Context: Germans captured Carnaby while he traveling to Russia. Kramer and Rosemeyer are trying to get information from him. Germans captured some rescuers (British Agents) who are trying to save Carnaby from them. Kramer gave a drink to Carnaby but Carnaby not consuming it, so he said this words to Carnaby.

You are not drinking, general. That's understandable when your rescuers turn out to be, well, birds of a different feather.

Does it means Rescuers are Germans but disguised as British agents?


1 Answer 1


Assuming your excerpt is from the 1968 film Where Eagles Dare, Carnaby is a captured American general awaiting rescue from Allied forces. When the rescuers arrive at the castle, however, they identify themselves as German double agents.

The quote is a reference to an English proverb— birds of a feather flock together, meaning that similar people tend to associate much as birds of the same kind form flocks.
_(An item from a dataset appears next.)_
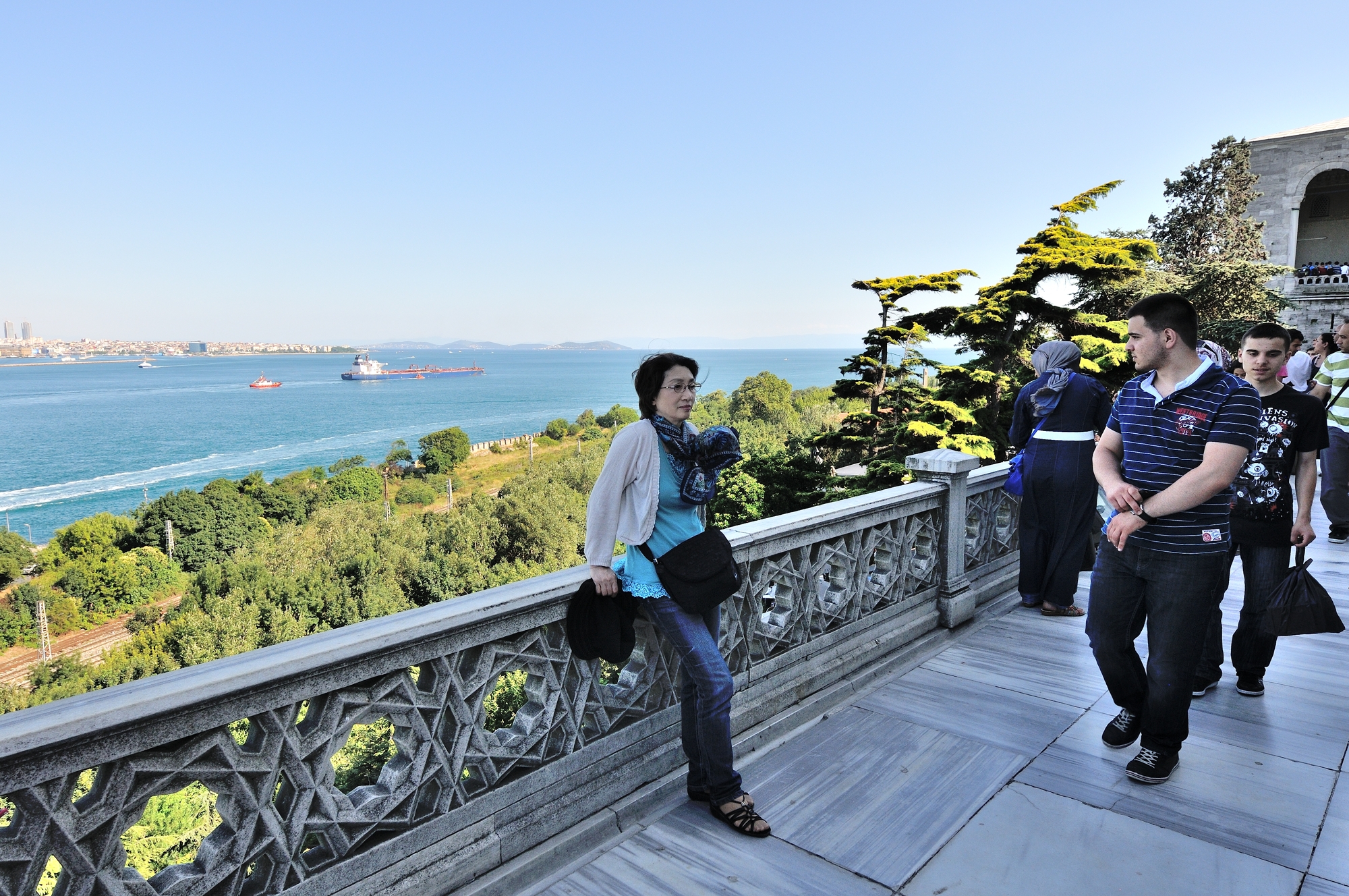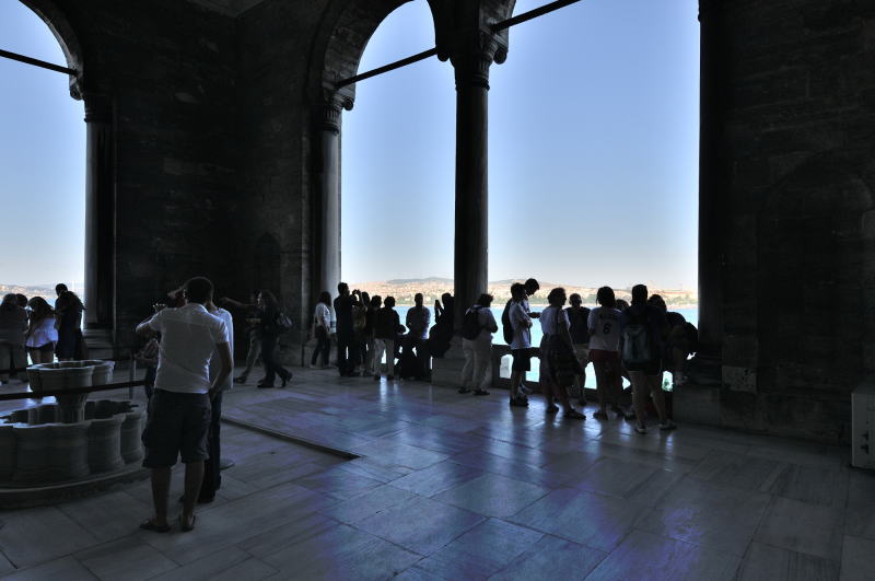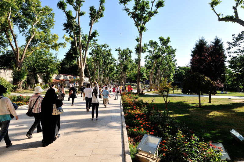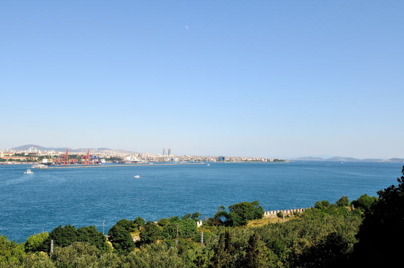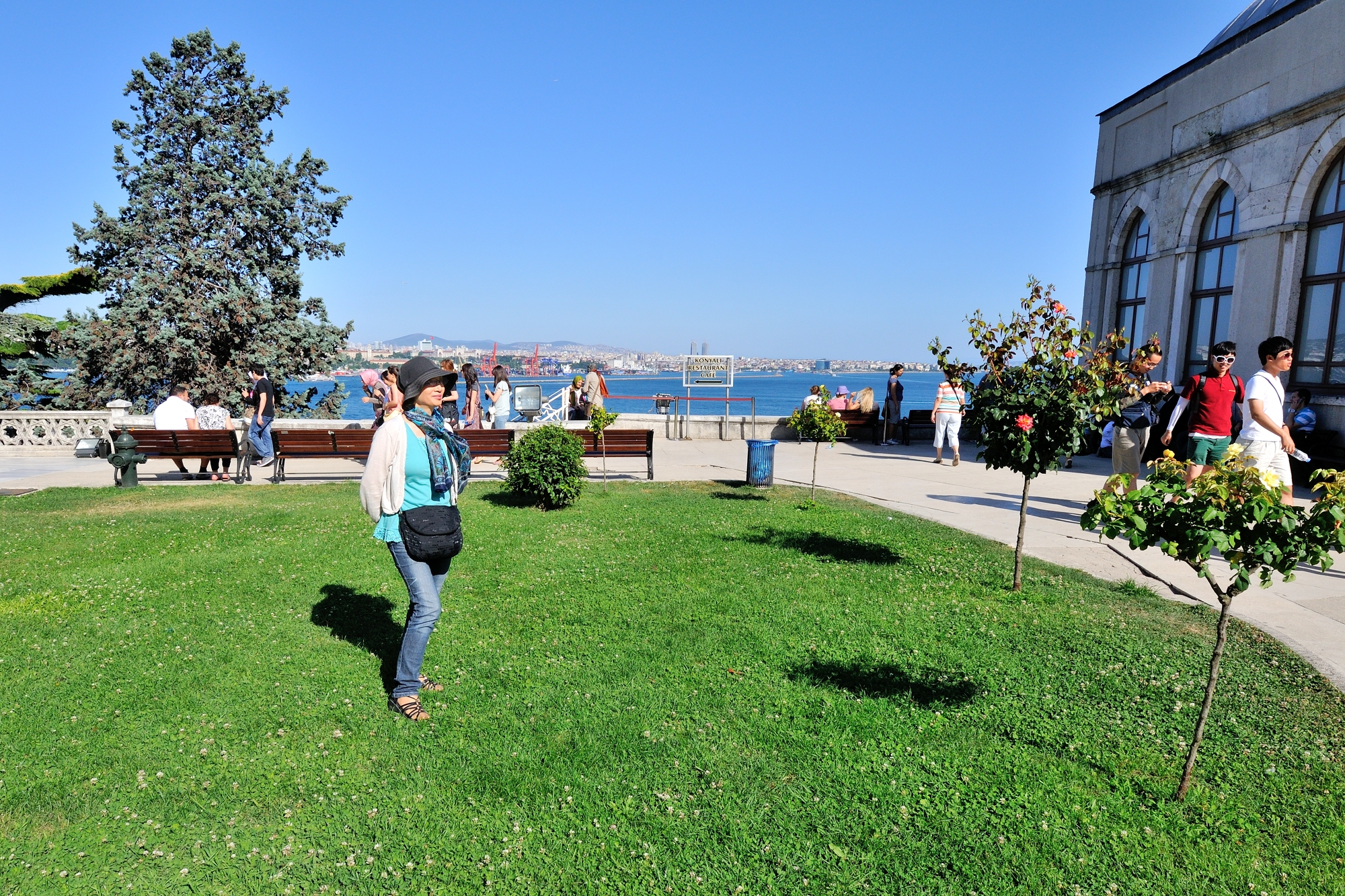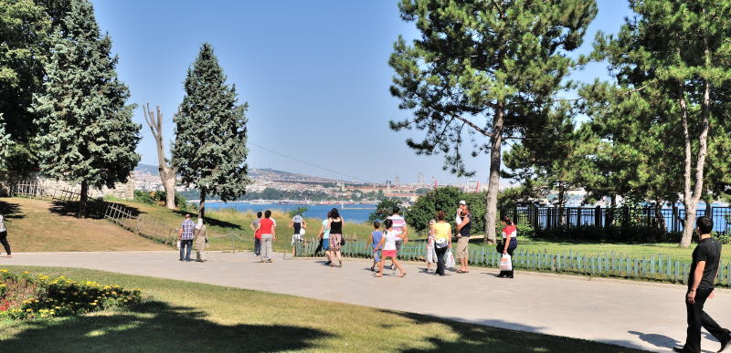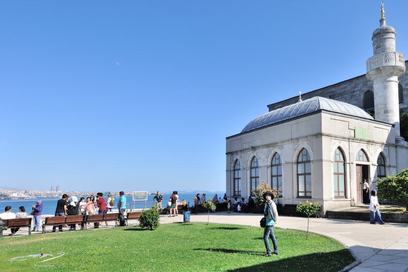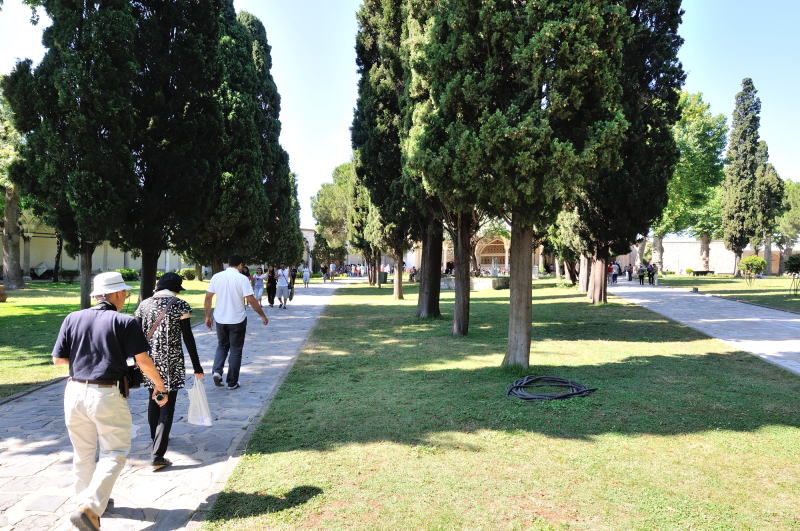 | 第一の中庭 [I. Avlu] (16:00) マルマラ海越しに見える対岸は、ウスクダラ地区。 「帝王の門」 から 「中門」 までが、宮廷の第一の中庭 「東」MAPLay. 1 m |
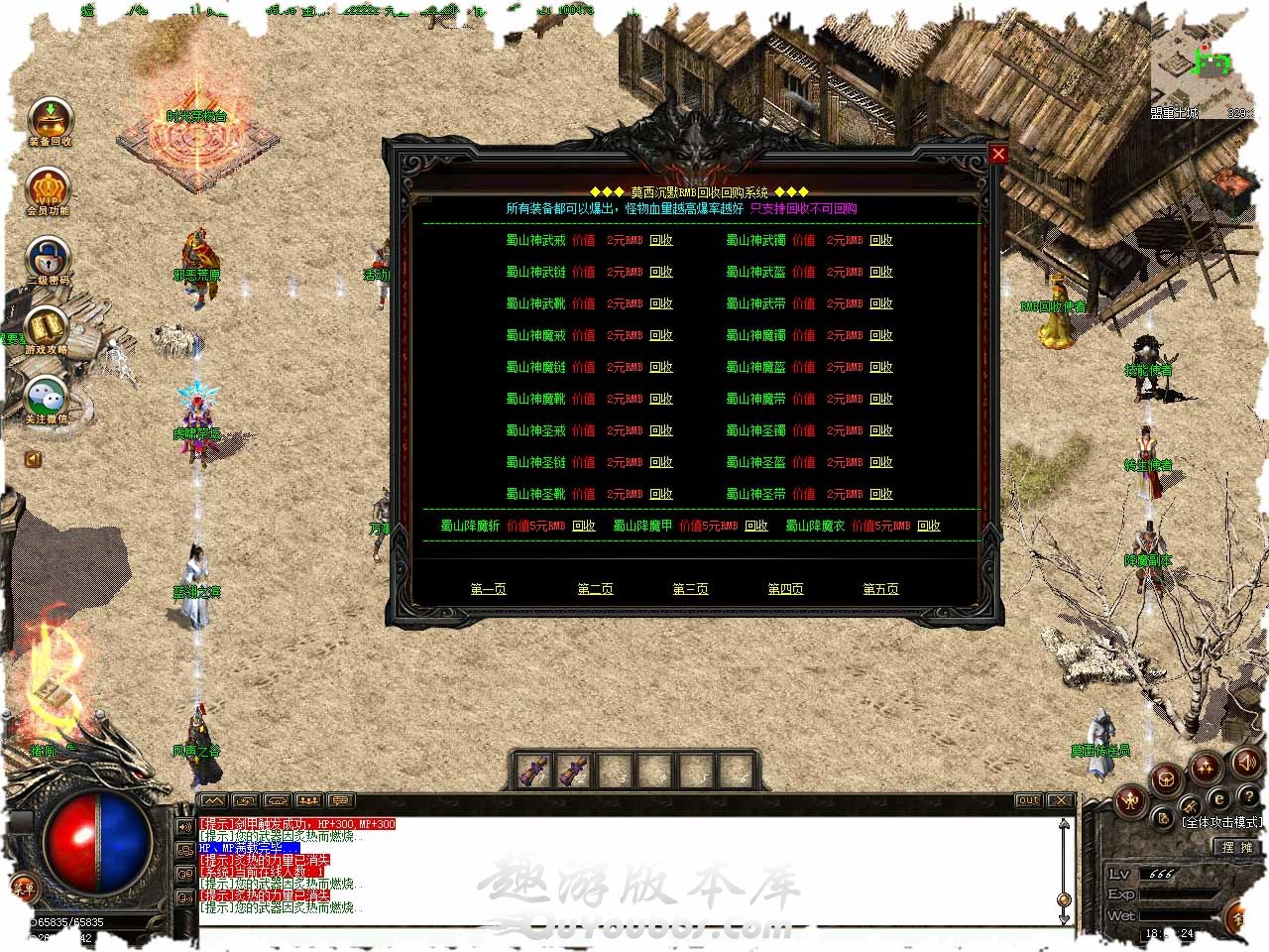 游戏介绍:一个狂暴走天下。草根消费,,真正的佛系沉默。快餐玩家请绕道,本服并不是几天就能终极的。 元宝好打,一切看脸,小怪也有几率掉落终极。 上线第一步 上线点击关注微信 输入 shushan 送一个 蜀山会员 和血石。 土城NPC 免费技能使者 领取道士诱惑和武兽 并且为了节省玩家花大量时间招宝宝 这里到达等级可以领取5个宝宝。 关于练级 随身泡点 每秒2万(任何地图都有经验每次上线需重新开启) 丁隐的幸福小屋 每秒经验3万。 随身泡点 根据人物打到的RMB卷数量给与经验 打到越多经验越多 人民币卷最高100。 开启随身 前往散人练级 开启三倍经验卷 每只怪物6万经验。 装备爆率 本服终极装备除了BOOS爆,54级以上地图的小怪 也会几率掉落 具体爆率请查看 群里爆率详细表。 特殊卷轴类 经验卷轴:双击触发双倍经验 可以和三倍叠加 持续时间一小时 怪物爆出 爆率低。 力量卷轴:双击触发攻魔道50-50 持续时间 30分钟 小退消失 拿沙期间不可以使用 爆率低。 厚土卷轴:双击触发HP MP+2000 持续时间 30分钟 小退消失 拿沙期间不可以使用 爆率低。 暴击卷轴:双击触发刀刀暴击 魔法攻击同理 持续30分钟 小退消失 拿沙期间不可以使用 爆率低。 护体卷轴:双击触发护体 怪物对自己的伤害减半 持续30分钟 小退小时。 秒打卷轴:双击触发秒打属性 怪物血量少于百分之十立即掉亡 持续30分钟。 爆率卷轴:双击触发双倍爆率 持续时间2小时 小退消失。 注:此类卷轴珍贵 BOOS以及异度 降妖副本会爆出 爆率不是很高 请根据需求使用。 宠物大军:异度空间与BOOS几率掉落 双击进入宠物军团地图 并且可以无限召唤宝宝 地图爆率高 一小时自动回城。 决胜千里:异度空间与BOOS几率掉落 双击进入决胜千里 并附送技能决胜千里(全屏攻击) 挑战时间1小时 地图满屏。 经验怪物 2分钟刷新一次 疯狂的割麦子 藏宝阁卷:异度空间与BOOS几率掉落 双击进入藏宝地图 挑战时间30分钟 无限击打藏宝阁主 好装备 RMB 爆不停。 怒之反伤:异度空间与BOOS几率掉落 双击进入反伤地图 挑战时间1小时 脱下你的衣服 带上血石 怒之反击兽 每攻击。 你一次 掉落血量800 享受被打捡装备的感觉 神力释然:异度空间与BOOS几率掉落 双击进入神力地图 挑战时间1小时 地图内BOOS云集 每攻击怪物一次。 攻魔道+1 无上限 注:此类卷轴爆率较低 具体查看 异度空间怪物爆率 以及BOOS爆率。 特殊五格 萨满诅咒:几率触发诅咒敌人或者怪物 使其持续掉血多少 直到掉亡。 嗜血狂暴:当人物被对手或者怪物击打至百分18血量 触发自身狂暴属性。 勇者重生:当你佩戴复活装备时,被怪物或者对手打掉 触发复活的同时 给与你体力加成。 破晓绝打:几率触发三绝打 一绝烈风斩 二绝烈地斩 三绝烈天斩,斩落敌人或者怪物血量 三绝属性各有不同。 获得方式:此类特殊 打到材料免费兑换。材料值钱 可以通过击打BOOS 活动 副本等方式获得 材料天堂异度空间也。 版本地址

According to The Phrase Finder, it dates to at least the mid-16th century, when William Turner wrote

Byrdes of on kynde and color flok and flye allwayes together

in The Rescuing of Romish Fox, an anti-Catholic satire.

It is common enough the birds of a feather on its own is understood to refer to people of the same kind. Carnaby's rescuers are birds of a different feather— Germans— with whom he would not wish to "flock," as opposed to the British-American force he might have been expecting.